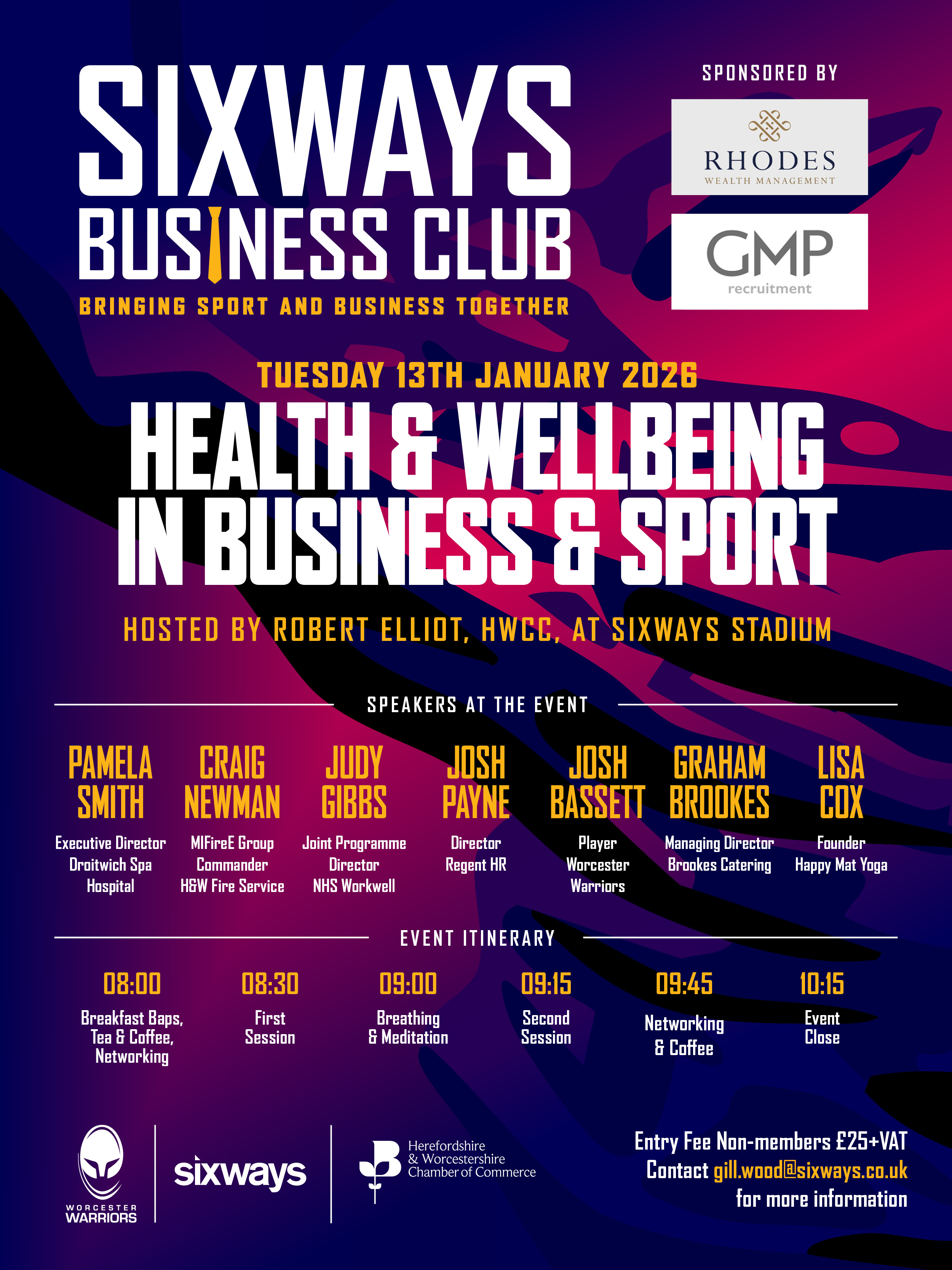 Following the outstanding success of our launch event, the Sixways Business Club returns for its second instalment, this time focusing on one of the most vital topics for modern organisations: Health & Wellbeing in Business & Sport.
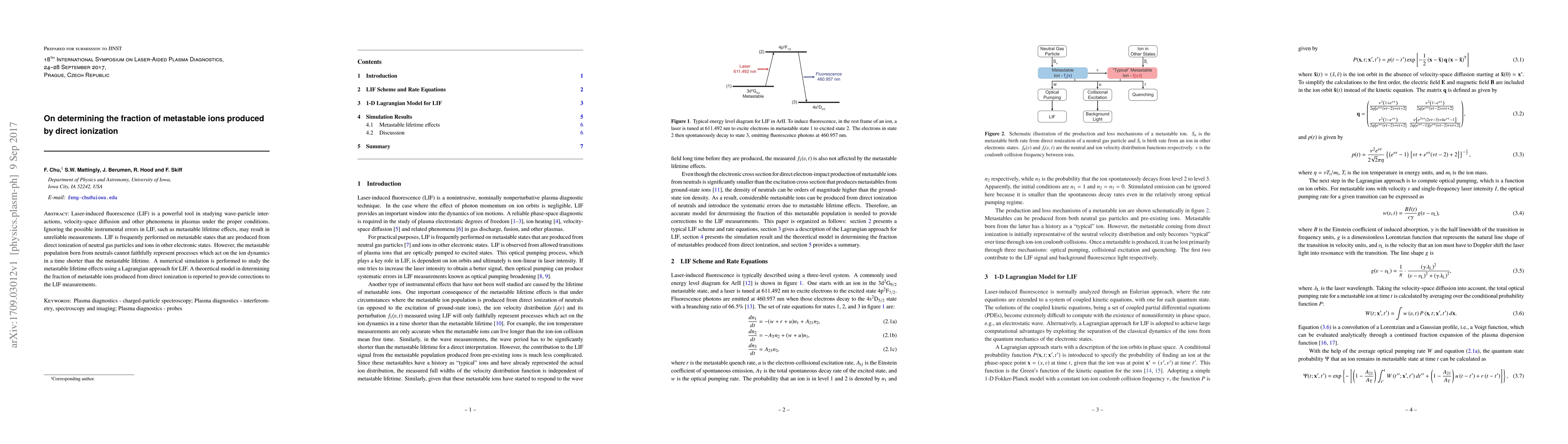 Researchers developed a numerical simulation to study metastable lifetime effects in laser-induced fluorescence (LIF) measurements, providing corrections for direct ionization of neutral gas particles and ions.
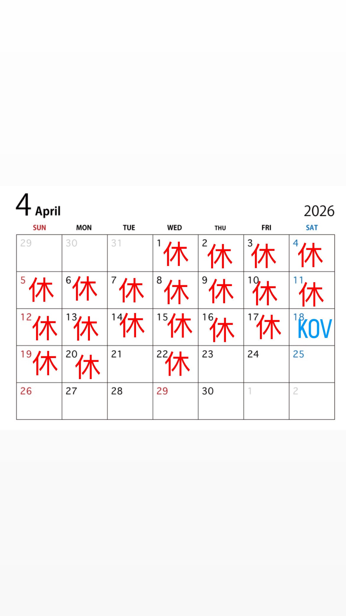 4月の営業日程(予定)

• To do
Everything in the listing above except the pictures should be duplicated exactly.

• Solution for this problem
 Following the outstanding success of our launch event, the Sixways Business Club returns for its second instalment, this time focusing on one of the most vital topics for modern organisations: Health & Wellbeing in Business & Sport.
 Researchers developed a numerical simulation to study metastable lifetime effects in laser-induced fluorescence (LIF) measurements, providing corrections for direct ionization of neutral gas particles and ions.
 4月の営業日程(予定)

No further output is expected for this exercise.